O ponto de partida foi o chassi do Eldorado, mas era inaceitável a ideia de um esportivo com design italiano e tração dianteira. Assim, o conjunto mecânico foi invertido: o motor e o câmbio foram parar atrás dos bancos, em posição central-traseira. A suspensão era independente nas quatro rodas, por barras de torção e a transmissão era automática de quatro marchas.

O gigantesco V8 de 8,1 litros (500 pol³) tinha potência bruta declarada de 400 cv – número que, com a adoção da medição de potência líquida e as restrições obrigatórias, caiu para 190 cv em 1976.

A carroceria feita pela Zagato para o conceito também era curiosa. Com entre-eixos longo (a fim de acomodar duas fileiras de bancos, fazendo do carro um 2+2) e silhueta baixa, o Cadillac NART tinha arcos de roda bastante profundos, capô longo, em forma de cunha, com faróis parcialmente ocultos na extremidade dianteira, alojados na grade.

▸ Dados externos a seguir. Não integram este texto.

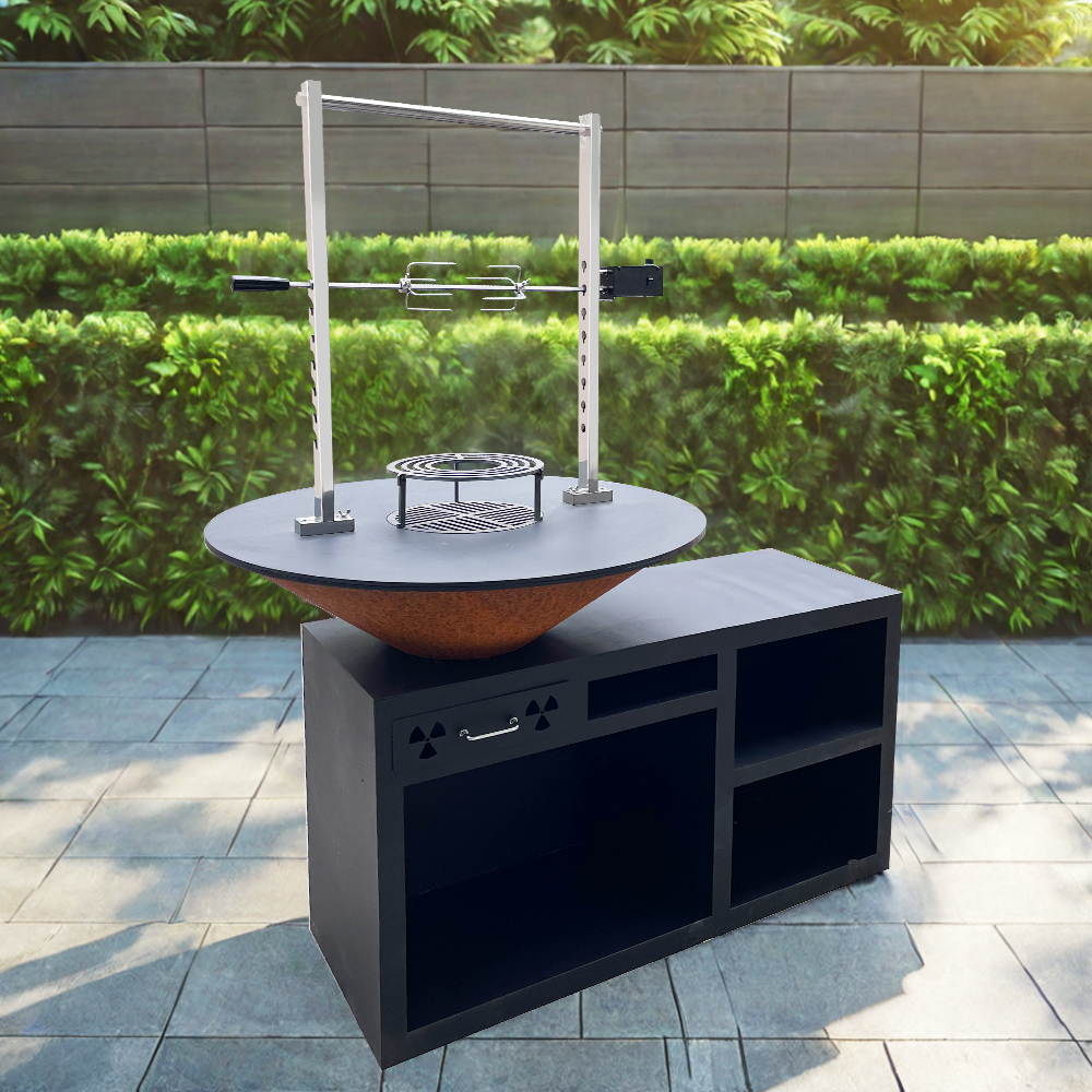 Parrilla redonda para barbacoa. Fabricada en acero Corten de 8 mm de grosor, el cuerpo principal y el brasero presentan un color óxido. Esto significa que no requiere mantenimiento durante toda su vida útil. Esta parrilla está equipada con un cenicero fác

O compartimento dianteiro abrigava o estepe, a traseira contava com um porta-malas até que razoável atrás do cofre do motor. Extensões nas colunas traseiras davam a impressão de um teto fastback, e as lanternas vinham do Pontiac GTO. Havia emblemas da NART na dianteira, na traseira e nas laterais, e um friso preto percorria todo o perímetro do carro – um elemento estético que seria usado frequentemente pela própria Ferrari a partir da década de 1970, como a 365 BB e a 308.

O interior aproveitava o volante e o painel do Eldorado, que era adaptado para o habitáculo mais estreito. O resultado era um contraste interessante com o exterior tipicamente italiano.

No geral, o Cadillac NART era um carro interessante, do ponto de vista estético – e perfeitamente passável como Ferrari à primeira vista. Mas jamais poderemos saber se ele faria sucesso ou não.

Depois de aparecer no Salão de Turim de 1971, no estande da Zagato e, no ano seguinte, o Cadillac NART foi exposto pela Chinetti Motors no Salão de Nova York. Nas duas ocasiões o carro foi bem recebido e até foram feitas algumas encomendas, mas elas nunca foram entregues. A General Motors decidiu abandonar o barco para concentrar-se em seus próprios modelos – os japoneses estavam chegando com tudo – e o próprio Luigi Chinetti tinha outras prioridades como representante da Ferrari.

O projeto foi cancelado ainda em 1972, e o Cadillac NART permaneceu na família Chinetti até 1987, quando foi comprado por um colecionador norte-americano, que ficou com o carro por mais de vinte anos. Em 2008, o carro apareceu em um anúncio no eBay e, depois disso, foi parar nas mãos de um entusiasta francês, onde deve estar até hoje.